T-tests compare the means of two samples of data generated from a normally-distributed population and compute the probability that they have the same mean. When the p-value is very low, it tells us that the two data samples must have come from different populations.  Both packages have functions for t-tests! 


| Test, | `scipy.stats` Function, | 
| :---: | :---: |
| One-Sampled T-Test | [**stats.ttest_1samp(x, 0)**](https://docs.scipy.org/doc/scipy/reference/generated/scipy.stats.ttest_1samp.html#scipy.stats.ttest_1samp) | 
| Independent T-Test | [**stats.ttest_ind(x, y)**](https://docs.scipy.org/doc/scipy/reference/generated/scipy.stats.ttest_ind.html#scipy.stats.ttest_ind)
| Paired T-test | [**stats.ttest_rel(x, y)**](https://docs.scipy.org/doc/scipy/reference/generated/scipy.stats.ttest_rel.html#scipy.stats.ttest_rel)


**Exercises**

**A vs 0, One-Sampled T-Test**: Is the mean of the normally-distributed population that the the dataset A is generated from unlikely to be zero?

*Example*:

In [50]:
stats.ttest_1samp(data[:, 0], 0)

Ttest_1sampResult(statistic=-0.797966433655592, pvalue=0.43475058842710046)
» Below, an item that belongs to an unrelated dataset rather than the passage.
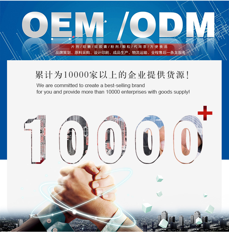 濟(jì)南健源中醫(yī)藥專注膏方膏滋膏劑植物飲料、壓片糖果、固體飲料(顆粒)、凝膠糖果(軟糖、軟)、袋泡茶(代用茶)、方便食品的oem貼牌代加工,公司擁有成熟現(xiàn)貨產(chǎn)品木瓜葛根片、酵素魔芋片、黃精肽片、綜合果蔬酵素粉、黑糖姜茶、蛋白質(zhì)粉、益生菌粉、、維生素軟糖、軟等可批發(fā)、零售采購,并且支持貼牌可定制修改配方允許odm全包。 公司研發(fā)團(tuán)隊(duì)長期從事科研項(xiàng)目并擁有十余項(xiàng)科研成果,在濟(jì)南生命科學(xué)城興建3000平米集研發(fā)—生產(chǎn)—質(zhì)檢—辦公于一體的高新技術(shù)廠區(qū),其中含2000平米gmp凈化認(rèn)證車間紫外線臭氧雙重消毒,每立方米菌落總數(shù)控制在10萬以下,等同于制藥企業(yè)標(biāo)準(zhǔn)。自動化生產(chǎn)線有效的了生產(chǎn)效率,日生產(chǎn)量可達(dá)800萬片,凝膠糖果軟日生產(chǎn)量可達(dá)500萬粒。只需您一個(gè)的要求,我們就可以給您生產(chǎn)出符合你要求的產(chǎn)品。

**B vs 1, One-Sampled T-Test**: Is the mean of the normally-distributed population that the the dataset B is generated from unlikely to be one?

**A vs B, Independent Samples T-Test**: Is the mean of the normally-distributed population that the the dataset `A` is generated from unlikely to be the same as the mean of the normally-distributed population that the the dataset `B` is generated from?

**A vs C, Independent Samples T-Test**: Is the mean of the normally-distributed population that the the dataset `A` is generated from unlikely to be the same as the mean of the normally-distributed population that the the dataset `C` is generated from?

**A vs C, Paired Samples T-Test (a.k.a Relative Samples T-Test)**: Is the mean of the differences between each pair of samples in generated from the two normally-distributed populations `A` and `C`  unlikely to be 0?

**A vs D, Paired Samples T-Test**: Is the mean of the differences between each pair of samples in generated from the two normally-distributed populations `A` and `D`  unlikely to be 0?